HSA is headquartered in Cambridge, Massachusetts.

==History==

===Founding===
HSA was founded in 1957 on the ideal of financing education through student employment. With Harvard's tuition on the rise, members of the Financial Aid Office were concerned that the increased cost of higher education would adversely affect the social and economic make-up of those applying to Harvard. At the same time, some ambitious students were running small-scale businesses out of their dorm rooms. John Munro, Dean of Financial Aid, assigned Dustin M. Burke, Director of Student Employment, to investigate student businesses as a possible source of financial aid and to begin developing the idea that would become Harvard Student Agencies.

Later that spring, a meeting with student managers revealed considerable interest in the idea of a corporation, and more concrete plans began to emerge. With an initial capital investment of $7,000 and the acquisition of the rights to provide the weekly linen service traditionally offered by the university, HSA was equipped to carry its corporate overhead. The remaining pieces quickly fell into place. In August 1957, the papers authorizing a new company were filed. On September 10, the new corporation's first meeting was held. On December 13, 1957, the charter was signed recognizing the six original incorporators: John Munro, Dustin Burke, Greg Stone, John Giannetti, Theodore Elliot, and Harold Rosenwald.

Since then, the company has grown significantly over the past six decades. Let's Go publishing was the leading agency for much of the 1980s and 1990s, at one point publishing more than 50 titles annually. With the recent decline in publishing travel, however, The Harvard Shop has become the largest operation for the Harvard Student Agencies. With a robust e-commerce presence as well as four physical locations in the square, it aims to serve tourists, locals, and students alike. The company has also expanded organically and through acquiring startups that align with the company's mission.

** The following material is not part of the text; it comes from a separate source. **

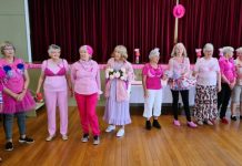 The Yarraman Line Dancing Club was radiant as they donned pink head-to-toe in support of a fellow dancer who is battling breast cancer.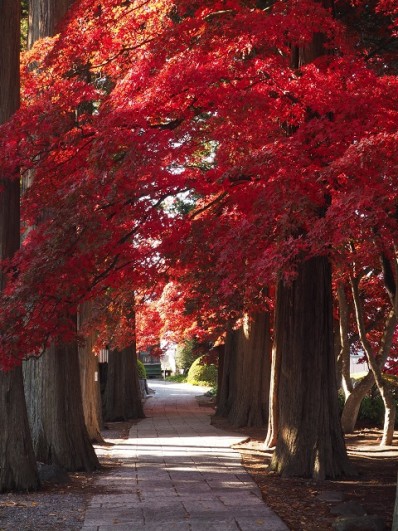 参道には杉並木ともみじ、境内には大きなイチョウの木もあり、

In September 2021, HSA acquired Trademark Tours, the business known for its flagship “Hahvahd Tour.” Trademark Tours was founded in 2006 by then-Harvard-undergraduate Daniel Bodt, who owned and ran the business up to the acquisition.

==HSA Headquarters: Burke-McCoy Hall==
HSA Headquarters is located at 67 Mount Auburn Street, Cambridge MA, in the former Manter Hall School building which was built in 1927. Established in 1884, Manter Hall School helped students prepare for Harvard's entrance exams during the 1930s and offered four- and eight-hour review sessions before every major Harvard mid-term and final examination. Although enrollment reached a peak of 250 in the late 1940s, by 1994 only 19 students were registered. At this time, Robert Hall, the owner of the building and manager of the school for 57 years, turned 83 and began talking to Harvard Student Agencies. Mr. Hall came to understand the unique educational opportunities HSA afforded to students and decided to sell the property to HSA in the spring of 1994.

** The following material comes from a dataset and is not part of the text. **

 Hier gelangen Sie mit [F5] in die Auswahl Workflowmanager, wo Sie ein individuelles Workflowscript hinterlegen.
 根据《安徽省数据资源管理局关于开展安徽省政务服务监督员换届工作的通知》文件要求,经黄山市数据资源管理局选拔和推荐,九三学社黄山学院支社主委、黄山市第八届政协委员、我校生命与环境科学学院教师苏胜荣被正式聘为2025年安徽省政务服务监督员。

In the summer of 1995, Robert W. McCoy (Harvard College ‘62, Harvard Business School ‘65) pledged a substantial lead gift to HSA's capital campaign. The building was dedicated as Burke-McCoy Hall on February 5, 1997, and the dream of a permanent home for HSA was a reality. The building was named in honor of Dustin M. Burke, the first General Manager of HSA (1957-1970); Hester Bell McCoy, who joined HSA in 1961 as the company's secretary; and Robert McCoy, Manager of Europe-by-Car, Assistant General Manager to Dusty Burke, and Let's Go business manager upon his graduation from business school.

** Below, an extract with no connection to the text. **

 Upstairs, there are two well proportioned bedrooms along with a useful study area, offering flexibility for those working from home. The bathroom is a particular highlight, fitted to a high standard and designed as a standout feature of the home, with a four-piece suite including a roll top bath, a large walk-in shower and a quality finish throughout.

HSA currently occupies the top three floors and basement of Burke-McCoy Hall. Bank of America, Playa Bowls, and HSA Cleaners occupy the retail level of Burke-McCoy Hall. Behind the building, enough space exists to accommodate construction of a substantial annex for future expansion. A partnership with CS50, the introductory computer science course with one of the largest enrollments at Harvard, has opened the fourth floor to hosting office hours for students and teaching fellows to meet and congregate. This additional option was created in response to increasing demand for office hours as a result of the size of the course, as well the offer more flexible office hours to fit the wide range of schedules from students taking the class. The partnership also seeks to give students the option to pursue projects related services for students, with room for collaboration with Harvard Student Agencies beyond the one semester course.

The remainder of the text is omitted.